Hier ausprobieren (bitte keine ):

  • Atlas (aktuell nur für MacOS verfügbar)

  • Perplexity

  • Chrome (Gemini in der Schweiz noch nicht integriert, Stand 27.10.2025)



Unsere Meinung

Mit der Veröffentlichung von KI-Browsern verschiebt sich der Wettkampf zwischen den KI-Anbietern: Es geht längst nicht mehr nur um Chatbots oder Suchmaschinen.
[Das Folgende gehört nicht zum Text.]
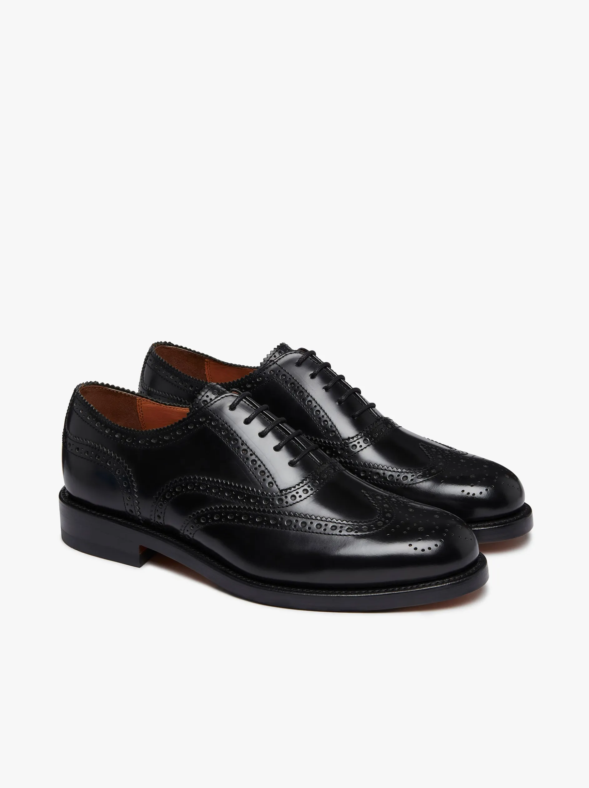 Monogram Double Brogue Wingtip are shoes built to last. Part of the Monogram lace up range first introduced in 1939, the shoes have been crafted from a luxurious polished black leather. The shoes feature a classic decorated brogue design. The interior is lined with leather, ensuring both breathability and comfort. A mark of quality, gold embossed branding adorns the signature green insock. Suitable for a range of occasions from formal to smart-casual, these brogues are designed for versatility, pairing well with a tailored suit and dark denim alike.
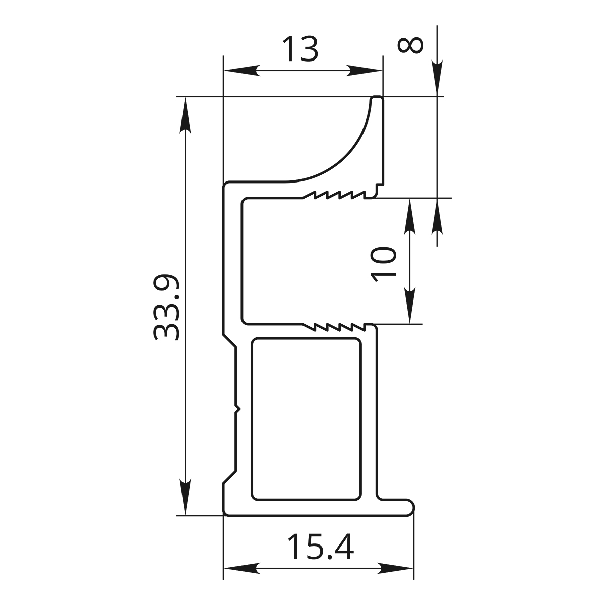 Вертикальный профиль Elephant FOX рамповидной формы с видимой шириной 13 мм используется в качестве ручки в раздвижной узкорамочной системе Elephant и навесной системе AluForce.
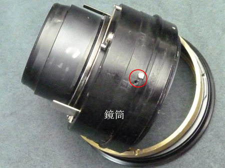 ヘリコイドから分離しました鏡筒を観察しますとヘリコイドへ組み込む際に鏡筒の位置をを決めるネジ(赤○部)がありました。

Jetzt geht es um die Vorherrschaft über den Browser – das Tor, durch das wir alle ins Internet treten.


Aktuell dominiert Google Chrome mit einer Verbreitung von über 70% den Markt. Die Chancen stehen jedoch gut, dass dank der KI-Browser die Karten neu gemischt werden. Es wird sich zeigen, welche Verbundenheit der User grösser ist – diejenige zum Browser oder diejenige zum Sprachmodell. Wird ein ChatGPT-Nutzer zu Google Gemini wechseln, nur damit er weiterhin mit Chrome im Internet surfen kann, oder wird er den Browser wechseln, damit er weiterhin ChatGPT nutzen kann. Fakt ist: Wer den Standard-Browser eines Nutzers kontrolliert – ob auf dem Smartphone oder Desktop – kontrolliert im Grunde dessen gesamtes Online-Verhalten. Mit KI noch viel mehr als ohne.

 

Diese Entwicklung ist faszinierend – und zugleich hochproblematisch. Ein KI-Browser weiss sehr viel mehr über uns als ein herkömmlicher: Logindaten, Chat-Verläufe, Interessen, Kontakte. Um personalisierte Ergebnisse liefern zu können, muss er tief in unsere digitale Identität eintauchen. Atlas verfügt gar über ein Gedächtnis, das das Surfverhalten des Users minuziös speichern kann. Damit wächst nicht nur der Komfort, sondern auch die Abhängigkeit – und das Risiko.

 

Gleichzeitig steigt die Gefahr von Manipulation und Missbrauch. Erste Tests zeigten, dass KI-Browser über versteckte Anweisungen in Websites oder Kommentaren (so genannten Prompt Injections) getäuscht werden können (siehe Video unten). Ein Text (z. B. auf einer Webseite, in einer E-Mail oder in einem Dokument) enthält versteckte Anweisungen, die ein KI-System beim Lesen missversteht als legitimen Befehl – und dann Dinge tut, die gar nicht vom eigentlichen Nutzer kommen. Das zeigt, wie leicht ein KI-Browser fremdgesteuert werden kann, wenn er nicht mehr zwischen legitimen Befehlen und Angriffen unterscheidet.

 

Wo all diese Daten landen, ist ebenso unklar. Die grossen KI-Firmen hosten ihre Server in den USA – europäische oder Schweizer Nutzer haben kaum Kontrolle darüber. Der KI-Browser mag technologisch mächtig sein – datenschutzrechtlich und sicherheitstechnisch bleibt er ein Risiko. Jeder muss selbst entscheiden, wie viel Kontrolle er abgeben will – und wem.